Ну, тут я распсиховался.
«Вот, – думаю, – еще только музейного экспоната нам не хватало. Ошибка природы, умытая и занудливая. Хоть стреляйся!»
И в этот момент на кухню заглянул папа.
– Ну что, подружились? – фальшиво-веселым голосом поинтересовался он.
– Очень, – буркнул я и поплелся на улицу.
А папа и говорит:
– Что, Александра, не принимают они тебя в свою компанию?
Эх, если бы тогда знать, что это за человек такой – Сашка, разве бы я мысленно так ругался? А то иду и ругаюсь: «Вот таких девочек нужно на парашютах в тыл неприятелю забрасывать. Чтоб противник с ума сошел и стал из окопов выскакивать. Тут его, противника, бери тепленьким и веди картошку с полей убирать. Ну или капусту».

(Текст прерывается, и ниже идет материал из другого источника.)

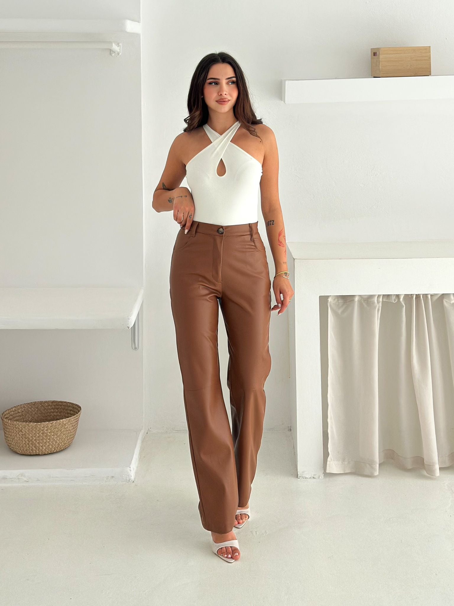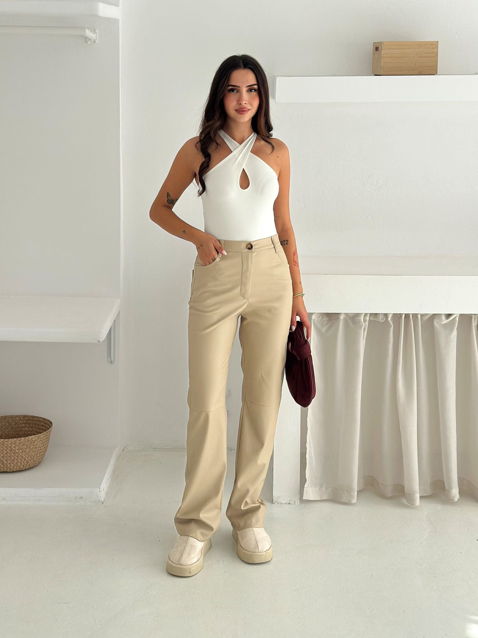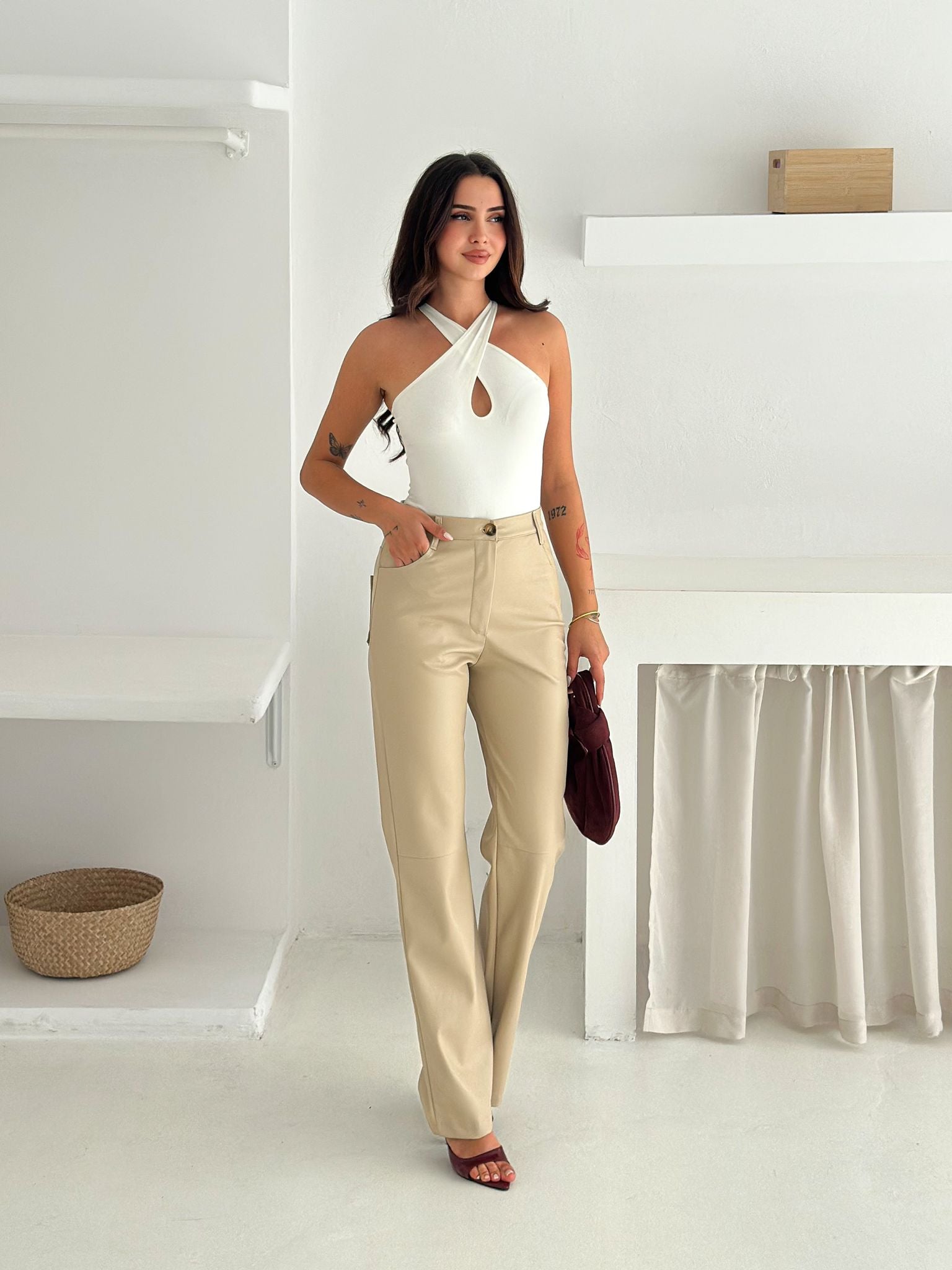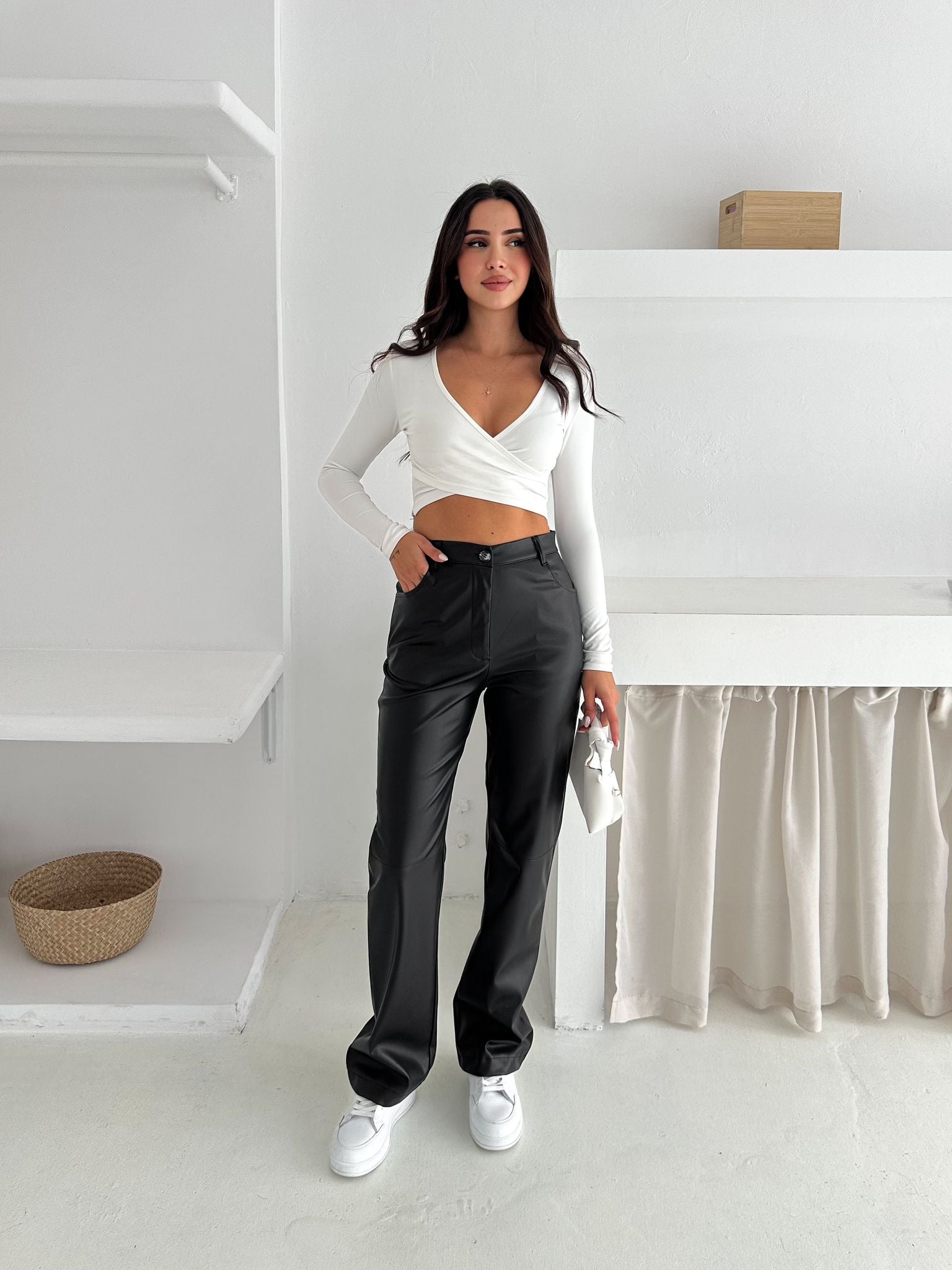 Zamansız ve şık bir duruşa sahip Deri pantolon, hem ofis kombinlerinde hem günlük kullanımlarda mükemmel bir tamamlayıcıdır.

А потом наступил вечер. Перекрашенные ужи лежали под моей кроватью в старом посылочном ящике и тоскливо чесались желтыми спинами о фанерные стенки. Я их, конечно, понимал: что за радость потерять свободу и попасть в руки к моему брату Витьке? Но от этого мне было не легче. А вдруг фанерная крышка сдвинется и ужи выберутся наружу? Поэтому приходилось все время нырять под кровать и проверять. Я просто не врубался, как сегодня буду спать. Хоть бери одеяло и укладывайся на улице под яблоней. Да, чуть не забыл… Днем мы расставляли мышеловки в таких местах, чтоб в них случайно никто не попал.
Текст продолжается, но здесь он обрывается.